Task item: The task calls for the lines below from the line with "2025.09.30. 성명서_성수역 3번 출구.hwpx" to the line with "2010年9月16日,我三军", both ends included, copied exactly, without any pictures.

Exercise material:
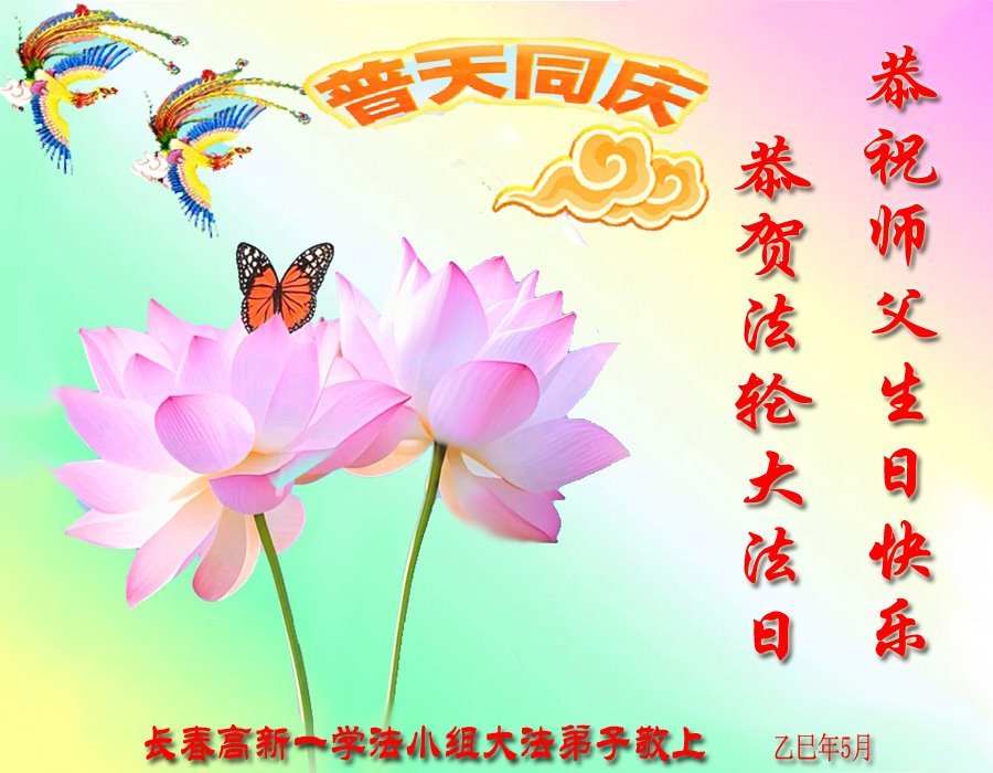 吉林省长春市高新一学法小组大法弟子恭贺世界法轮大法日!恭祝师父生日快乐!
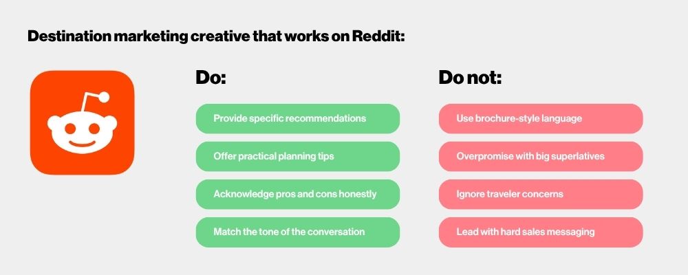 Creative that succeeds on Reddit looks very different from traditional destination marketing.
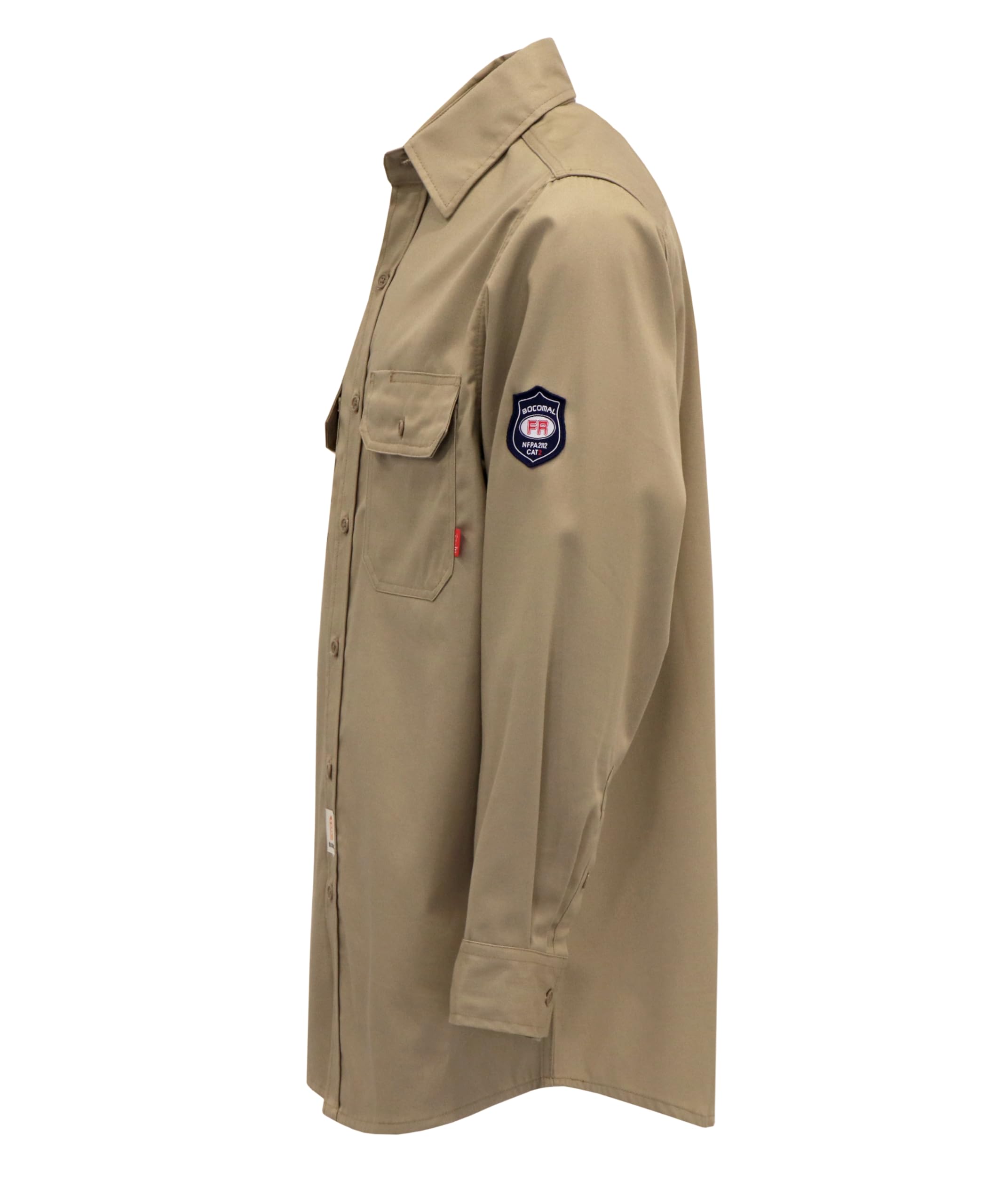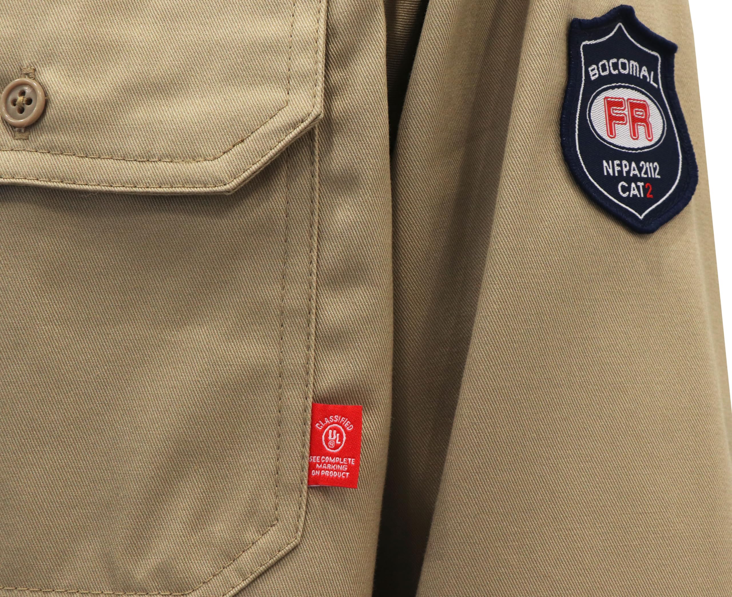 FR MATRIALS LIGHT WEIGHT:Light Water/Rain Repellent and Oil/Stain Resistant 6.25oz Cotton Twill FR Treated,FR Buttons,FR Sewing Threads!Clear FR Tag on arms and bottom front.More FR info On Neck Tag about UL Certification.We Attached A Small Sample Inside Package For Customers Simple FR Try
--
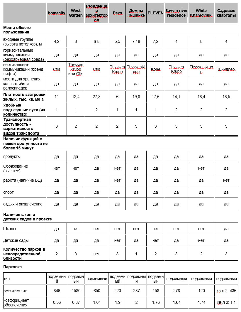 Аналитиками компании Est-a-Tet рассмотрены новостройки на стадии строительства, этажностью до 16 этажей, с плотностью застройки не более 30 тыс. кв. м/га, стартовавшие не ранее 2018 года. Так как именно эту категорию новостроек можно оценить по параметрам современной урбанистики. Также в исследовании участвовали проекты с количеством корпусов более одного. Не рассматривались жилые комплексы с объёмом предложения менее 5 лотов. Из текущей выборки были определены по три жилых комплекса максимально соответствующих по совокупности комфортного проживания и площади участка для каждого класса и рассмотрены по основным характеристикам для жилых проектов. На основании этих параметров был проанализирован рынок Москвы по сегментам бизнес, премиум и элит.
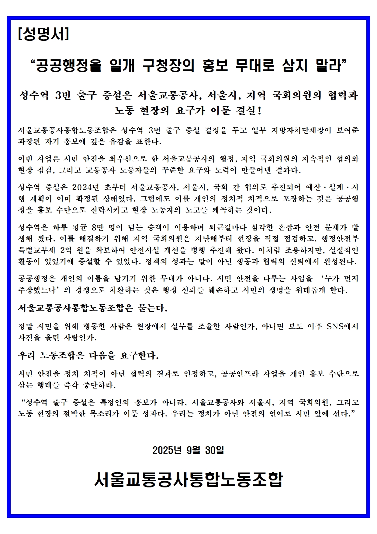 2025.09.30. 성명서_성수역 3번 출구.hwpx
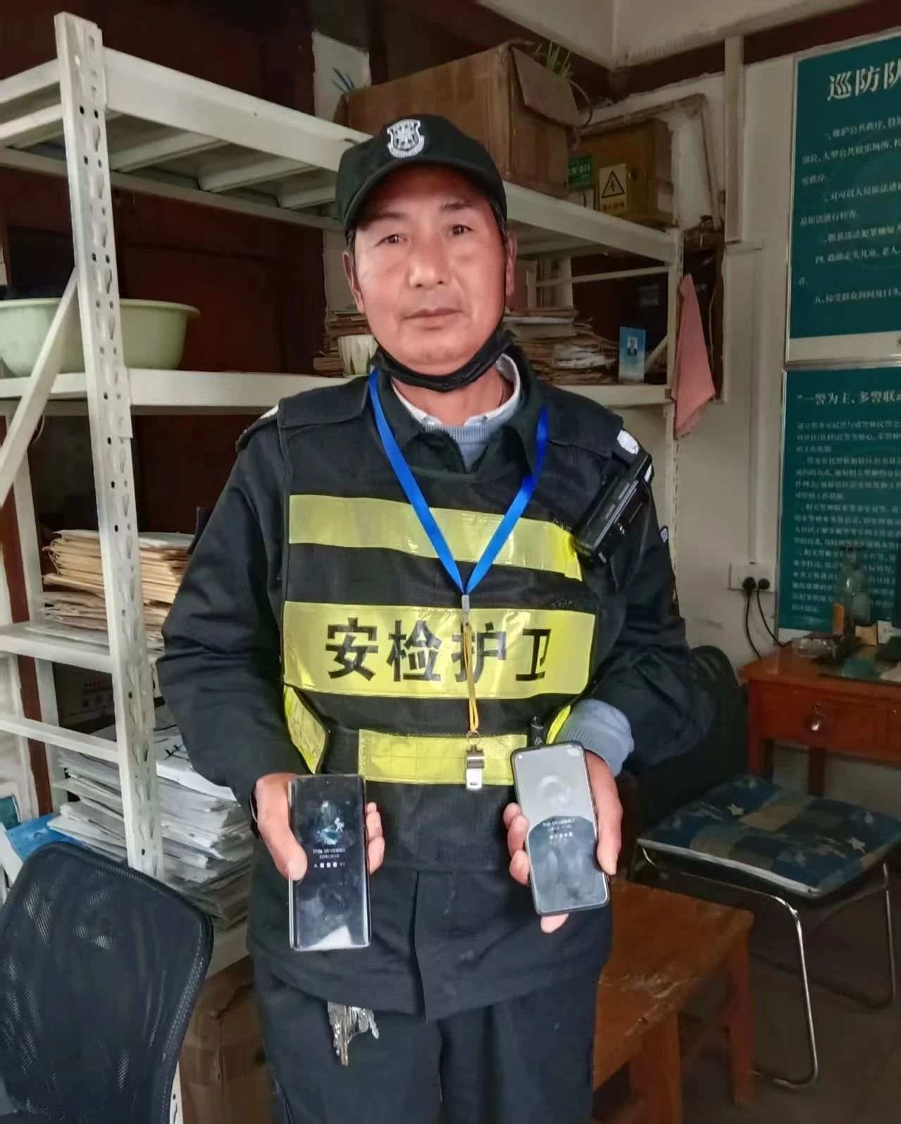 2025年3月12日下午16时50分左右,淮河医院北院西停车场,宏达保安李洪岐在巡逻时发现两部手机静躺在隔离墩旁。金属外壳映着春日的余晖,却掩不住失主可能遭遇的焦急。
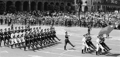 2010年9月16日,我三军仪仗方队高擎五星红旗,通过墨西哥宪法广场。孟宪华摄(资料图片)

Response to the task:
 2025.09.30. 성명서_성수역 3번 출구.hwpx
 2025年3月12日下午16时50分左右,淮河医院北院西停车场,宏达保安李洪岐在巡逻时发现两部手机静躺在隔离墩旁。金属外壳映着春日的余晖,却掩不住失主可能遭遇的焦急。
 2010年9月16日,我三军仪仗方队高擎五星红旗,通过墨西哥宪法广场。孟宪华摄(资料图片)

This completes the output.